Re: heartbeat logic

Sage Weil <sage@xxxxxxxxxxxx> · Wed, 3 Aug 2011 21:28:34 -0700 (PDT)

On Wed, 3 Aug 2011, Sam Lang wrote:
> During startup of an osd cluster with 37 osds, within the first few seconds I
> see osds getting marked down, even though the osd processes remain running and
> seem to be just fine.  The up count fluctuates for a while but seems to
> stabilize eventually at around 30 up osds, while 7 or so remain down, and
> eventually get marked out.
> 
> With debugging enabled, I've tracked it down to this bit of logic in
> OSD.cc:1502 (stable branch):
> 
> ------snip------
>   // ignore (and mark down connection for) old messages
>   epoch_t e = m->map_epoch;
>   if (!e)
>     e = m->peer_as_of_epoch;
>   if (e <= osdmap->get_epoch() &&
>       ((heartbeat_to.count(from) == 0 && heartbeat_from.count(from) == 0) ||
>        heartbeat_con[from] != m->get_connection())) {
>     dout(5) << "handle_osd_ping marking down peer " << m->get_source_inst()
> << " after old message from epoch " << e
> << " <= current " << osdmap->get_epoch() << dendl;
>     heartbeat_messenger->mark_down(m->get_connection());
>     goto out;
>   }
> --------------------
> 
> It looks as though the osd getting marked down is sending a heartbeat ping to
> another osd, at which point, that osd marks it as down.  Its not clear to me
> why that happens.  Is it because connections are getting dropped and ports are
> changing?
> 
> In any case, that if conditional succeeds, resulting in the osd marking down
> the osd that just sent it a ping heartbeat.
> 
> I modified the debug output to show the values for heartbeat_to.count(from)
> and heartbeat_from.count(from), as well as heartbeat_con[from] and
> m->get_connection().  The cases where osds are marked down are when the ping
> message's epoch and the osdmap epoch are the same (usually around 16), and the
> counts are always zero, suggesting that this is the first heartbeat from osdA
> to osdB.  Even if they weren't zero, the heartbeat_con[from] is null, and
> doesn't get set till later, so the conditional would succeed anyway.  Can
> someone explain the purpose and reasoning behind this bit of code?  If I just
> whack the second part of the conditional will bad things happen?  Any help is
> greatly appreciated.

Ha, Sam (Just) was just asking me about this bit of code at lunch today.  
It looks like it's the problem.

There are a couple different types of heartbeat messages, the 
important ones being heartbeats and heartbeat requests.  The requests are 
sent whenever a node starts expecting to receive heartbeats.  This keeps 
everyone happy even when the sender is behind in processing map updates.  
The above check is correct for heartbeats, but not the requests.

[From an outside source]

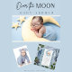 Över den blå vattenfärgsbabysknappen i Måne Inbjudningar
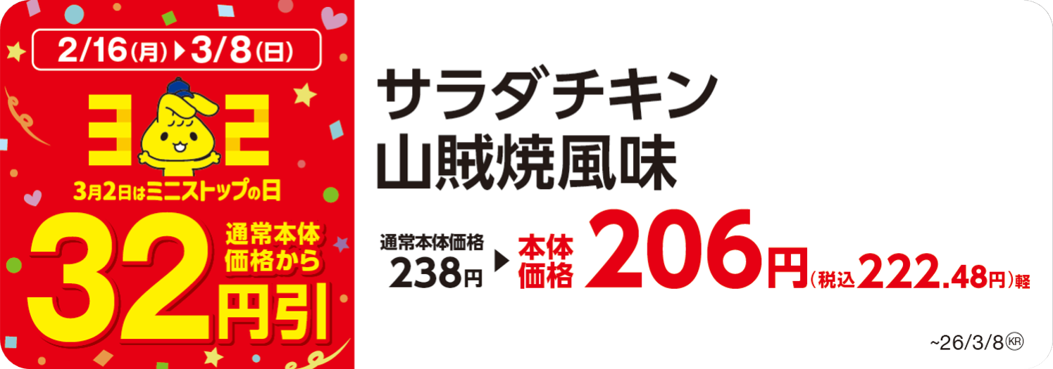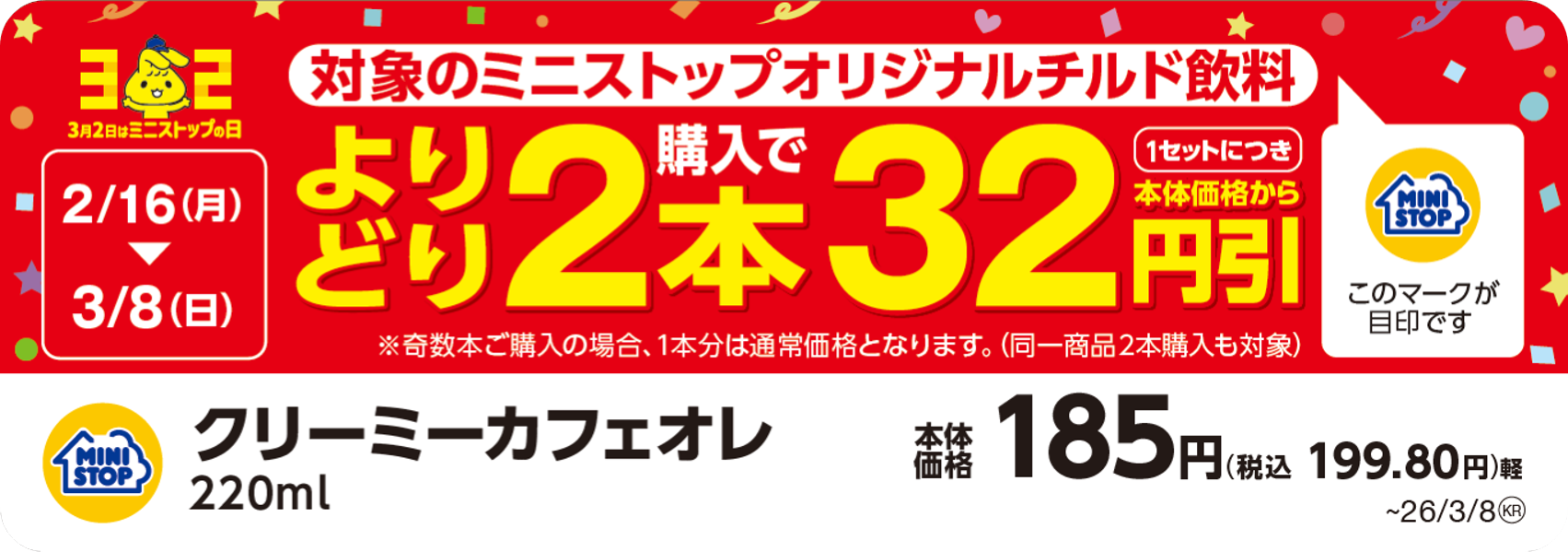 3月2日はミニストップの日 ミニストップ大感謝祭!32(ミニ)にちなんで32円引の企画を様々ご用意いたしました!

There is a bit of work that needs to be done here.  It looks like the 
logic is sound in the case where the OSDs have all the relevant PGs, but 
doesn't work when they do not (there are new ones, or PGs are quickly 
shifting around).  

In the meantime, you should be able to just comment out that whole block.  
The old connections won't get cleaned up, but it's a tiny resource leak, 
and if I'm remembering correctly nothing bad should come of it.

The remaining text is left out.